The following glue functions are provided:
* `vmap( fun [, idx1 [, idx2]] ) ==> f`
Returns a glue function that applies the function `fun` to each
argument (between indices `idx1` and `idx2`, inclusively) and
returns the results (the arguments outside of the specified range
are passed unmodified). `fun`'s results are always adjusted to one
return value for each call. `vmap` accepts short lambdas.
* `vtransform( f1 [, f2 [, ..., fn]] ) ==> f`
Returns a glue function that applies `f1` to `select( 1, ... )`
to create the first return value, `f2` to `select( 2, ... )` to
create the second return value, and so on. The last `fn` may
return multiple values as usual. `vtransform` accepts short
lambdas.
* `vinsert( idx, v, ... ) ==> f`
Returns a glue function that inserts all values `v, ...` before
index `idx`. Using `nil` as `idx` will append to the vararg list.
* `vreplace( idx, v, ... ) ==> f`
Returns a glue function that replaces the arguments starting at
index `idx` with the values `v, ...`.
* `vreverse( [idx1 [, idx2]] ) ==> f`
Returns a glue function that reverses all arguments between the
indices `idx1` and `idx2` (inclusively). `idx1` defaults to `1`,
and `idx2` defaults to `-1` (the last argument).
* `vrotate( [idx [, n]] ) ==> f`
Returns a glue function that right shifts all arguments starting
at index `idx1` by `n` positions, reinserting the values that fall
off at index `idx1`. `n` may be negative (to do a left shift) and
defaults to `1`. `idx` defaults to `1` as well. (This is basically
an interface to the `lua_rotate()` API function.)
[4]: https://github.com/moteus/lua-vararg
## Installation ##
Compile the C source file `fx.c` into a shared library (`fx.so`, or
`fx.dll` on Windows) as usual for your platform and put it somewhere
into your Lua `package.cpath`. Copy `fx.lua` somewhere into your Lua
`package.path`.
You can also use LuaRocks.
## Contact ##
Philipp Janda, siffiejoe(a)gmx.net
Comments and feedback are always welcome.
## License ##
**FX** is *copyrighted free software* distributed under the MIT
license (the same license as Lua 5.1).
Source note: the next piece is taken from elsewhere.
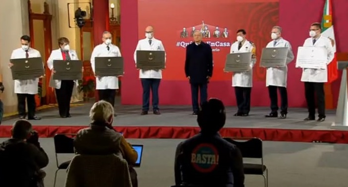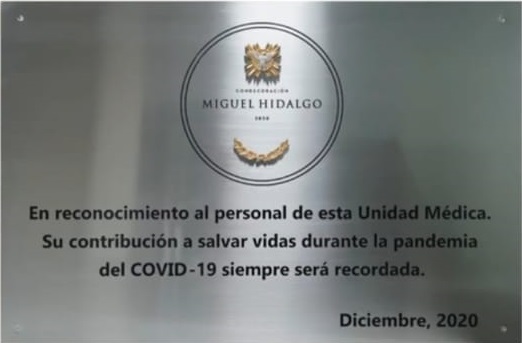 Zoé Robledo hizo entrega de la condecoración Miguel Hidalgo grado placa para reconocer a hospitales Covid y personal que atiende la pandemia. En total 980 reconocimientos.

The full license text follows:
FX (c) 2013-2020 Philipp Janda
Permission is hereby granted, free of charge, to any person obtaining
a copy of this software and associated documentation files (the
"Software"), to deal in the Software without restriction, including
without limitation the rights to use, copy, modify, merge, publish,
distribute, sublicense, and/or sell copies of the Software, and to
permit persons to whom the Software is furnished to do so, subject to
the following conditions:
The above copyright notice and this permission notice shall be
included in all copies or substantial portions of the Software.
THE SOFTWARE IS PROVIDED "AS IS", WITHOUT WARRANTY OF ANY KIND,
EXPRESS OR IMPLIED, INCLUDING BUT NOT LIMITED TO THE WARRANTIES OF
MERCHANTABILITY, FITNESS FOR A PARTICULAR PURPOSE AND NONINFRINGEMENT.
IN NO EVENT SHALL THE AUTHOR OR COPYRIGHT HOLDER BE LIABLE FOR ANY
CLAIM, DAMAGES OR OTHER LIABILITY, WHETHER IN AN ACTION OF CONTRACT,
TORT OR OTHERWISE, ARISING FROM, OUT OF OR IN CONNECTION WITH THE
SOFTWARE OR THE USE OR OTHER DEALINGS IN THE SOFTWARE.